June 16, 2021, | AtoZ Markets – Around 500 to 1500 AD, money is not yet in cash, but rather gold. Gold is heavy and a hassle to bring from place to place. People went to goldsmiths to store their money.
Goldsmiths are experts when it comes to gold. They can tell its purity and accurate weight. When people go to them for their gold’s safe-keeping, they will issue a receipt that indicates the value of the gold given. After some time, the people understood that the gold receipts themselves could stand for the same amount of gold. It was more convenient than bringing gold everywhere they went.
Goldsmiths realized that people eventually preferred carrying their receipts better in their daily transactions with the idea that they can always exchange these receipts for gold anytime. So, they now thought of issuing receipts to people who want to borrow money but in proportion to the actual amount of gold they have in store so that they won’t panic if ever a gold depositor came in and wanted to withdraw their gold. This idea of the medieval European goldsmiths became the pioneer of the modern-day banking system.
From the medieval European goldsmith’s system, gold now represents government-issued coins and bills. And since modern-day banking has immensely evolved, issuing money is now beyond just coins and bills as banks now offer checks and checking accounts in giving out loans.
For example, Mr. A deposits $1,000 in Bank A. Assuming the required reserve is 10%, Bank A will keep $100. Bank A maximizes the $900 to Ms. B, a loan applicant, by giving her a checking account with a $900 credit. Now, Ms. B writes a $900 check to a baking supplier where she shopped for her baking needs to jumpstart her baking business. The baking supplier will now deposit the money to Bank B, where she has an account. Bank B will now keep $90 because of the 10% required reserve law and make loans out of the $810. This cycle will continue until the initial $1,000 finishes.
Given these facts, we can say that bank reserves say a lot about the economy’s overall status.
Required reserves vs. excess reserves
Bank reserves are the cash on hand the bank keeps. Daily, there will be many individuals who will go into the bank to deposit money. The bank does not store all of it but instead uses it to make loans for borrowers. This act is to make more profit since loans come with interest.

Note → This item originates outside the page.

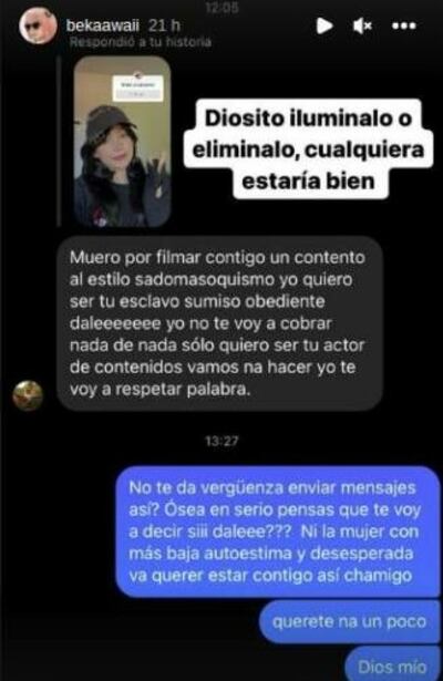 Obviamente, la respuesta de la también influencer no se hizo esperar, y lo hizo a su fiel estilo: "No te da verguenza enviar mensajes así?", empezó escribiéndole al cibernauta. "Ni la mujer con más baja autoestima y desesperada va a querer estar así contigo chamigo", agregó.

However, they must balance giving out loans since some depositors may withdraw money and be ready for these instances.
There is a requirement for banks to keep a specific amount or percentage of bank reserves called required reserves. For example, a country’s required reserve is 20 percent. If the total amount of deposits is $1,000,000, then the bank can only give out $800,000 for loans and keep $200,000 in their vaults or their central banks for depositors who may wish to withdraw.
An excess reserve is an amount beyond the required reserve that the banks keep. The bank can make this amount into loans for borrowers.